____ Data excerpt

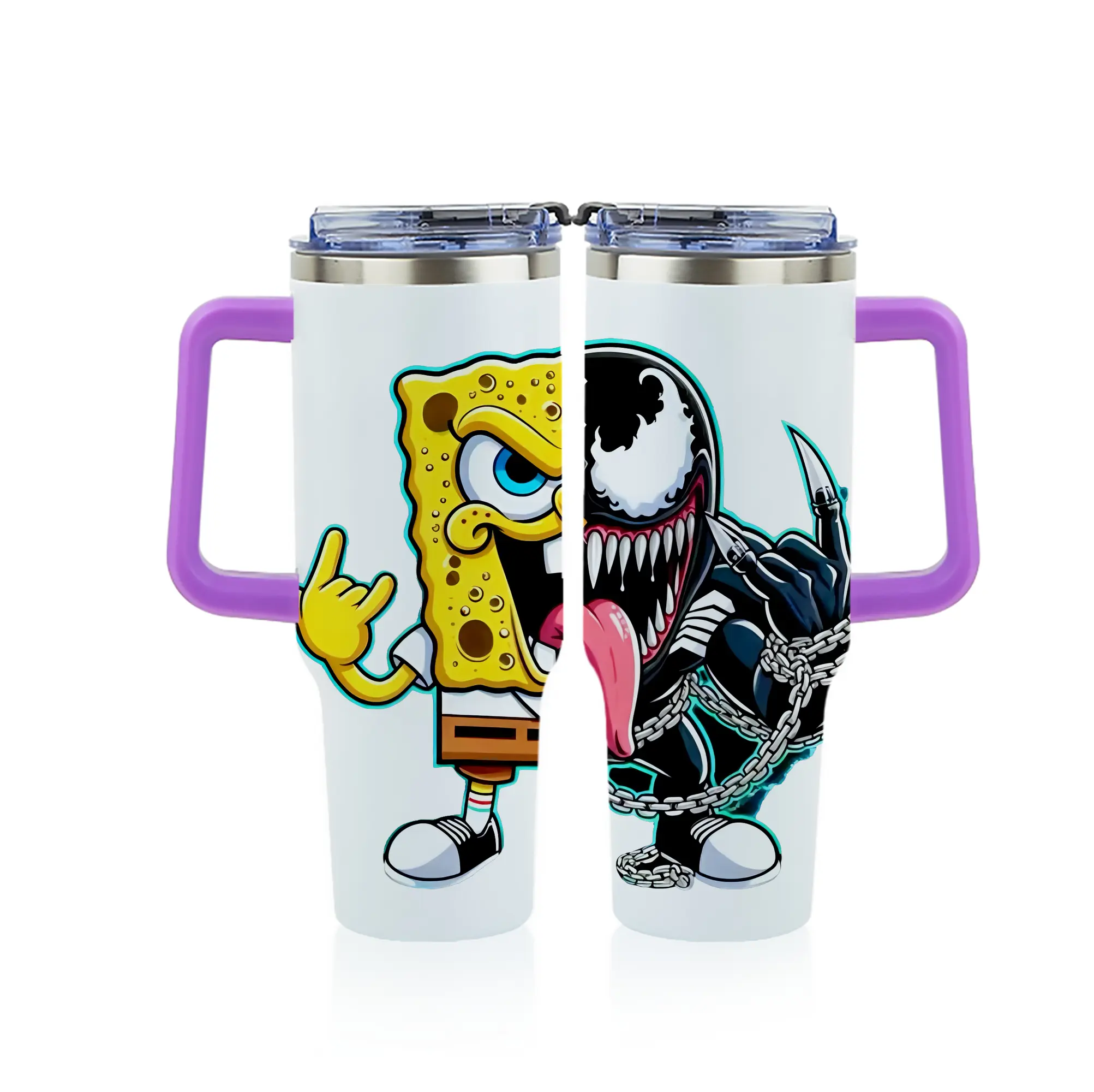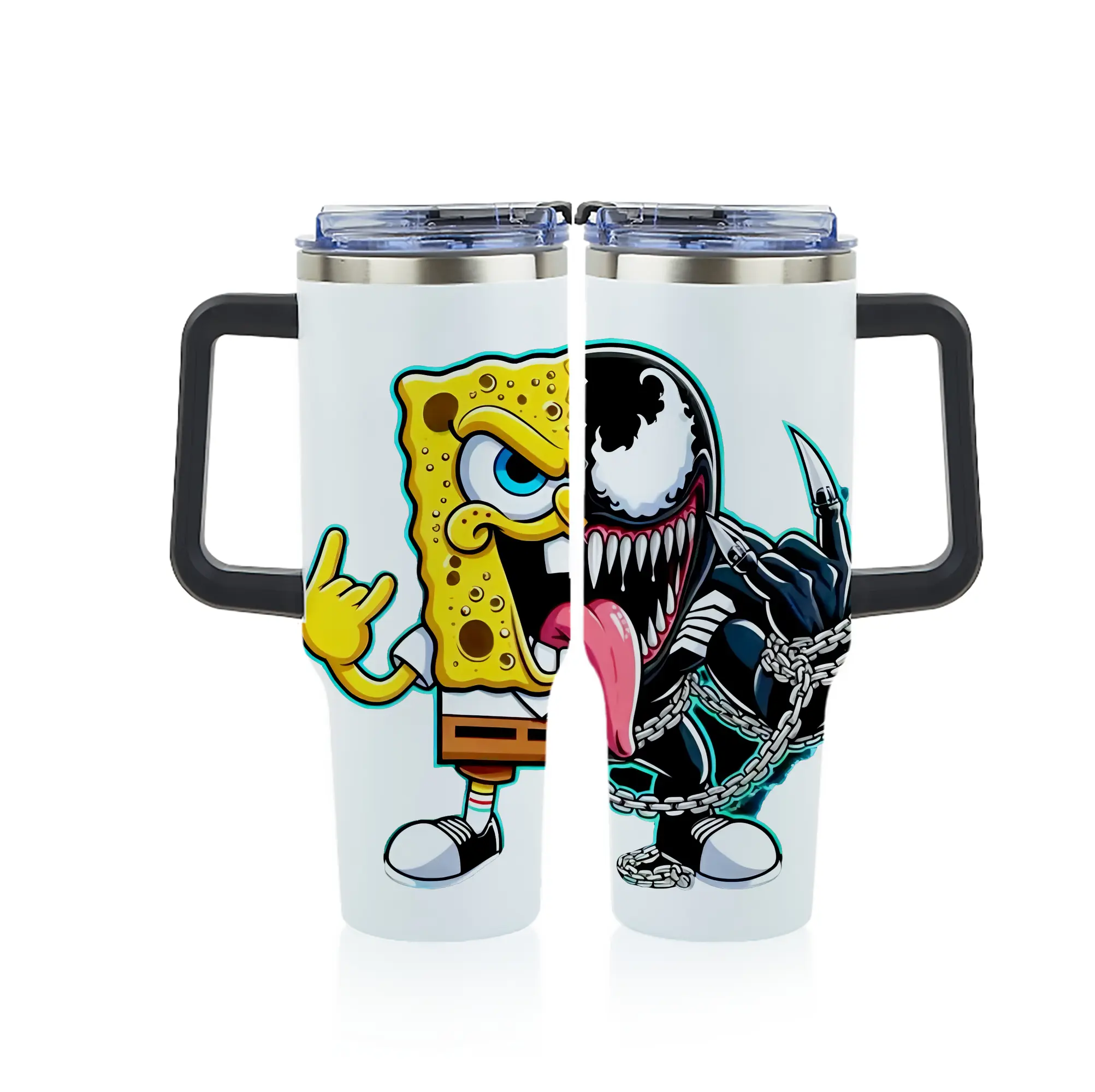 スポンジボブ グッズ スポンジボブ - 1200mL フルプリント車用タンブラー ・ 304ステンレス 内側 ・ 201ステンレス 外側 ・ 保温 保冷 ・ 通勤 ドライブ アウトドア用
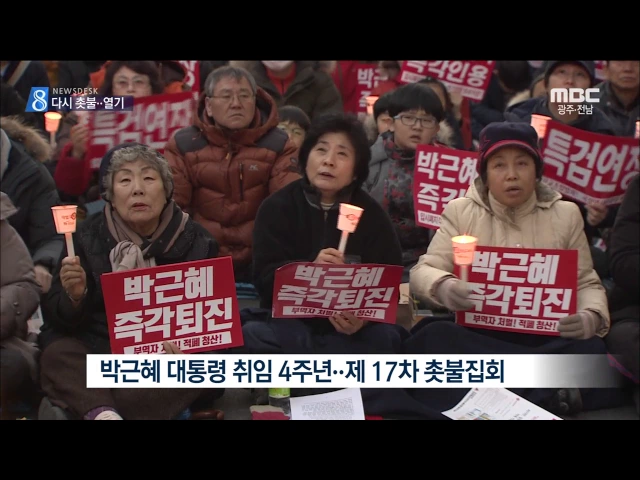 ◀ANC▶ 박근혜 대통령의 취임 4주년이자 탄핵심판 마지막 변론기일 직전 주말인 오늘 전국에서 촛불집회가 열리고 있습니다. 광주와 전남 시민들은 서울로 상경해 광화문 집회에 참석하는 한편, 광주 금남로에서 집회를 이어가고 있는데요. 현장에 나가있는 취재 기자 연결해 봅니다. 김인정 기자, 지금은 어떤 상황입니...
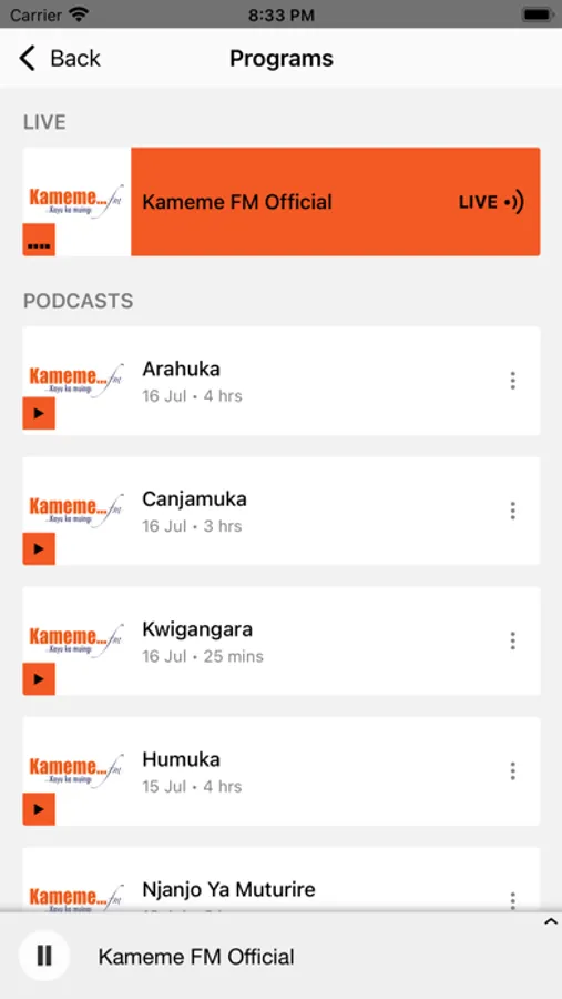 - Catch up or listen again to your favorite Kameme Fm 101.1 Radio programmes
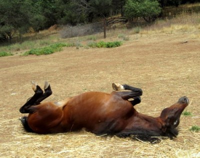 Blaze has general contempt for being clean and tidy. Actually even if you halter him,walk out, turn in a circle, and put him right back in the pasture he will roll and roll like he’s been contaminated. Certainly keeps him flexible and well adjusted!

________

→ **Exercise brief**: Starting at the line that contains "- Catch up or" and ending with the last line of the data, transcribe every line exactly; skip the pictures.

→ **Task result**:
 - Catch up or listen again to your favorite Kameme Fm 101.1 Radio programmes
 Blaze has general contempt for being clean and tidy. Actually even if you halter him,walk out, turn in a circle, and put him right back in the pasture he will roll and roll like he’s been contaminated. Certainly keeps him flexible and well adjusted!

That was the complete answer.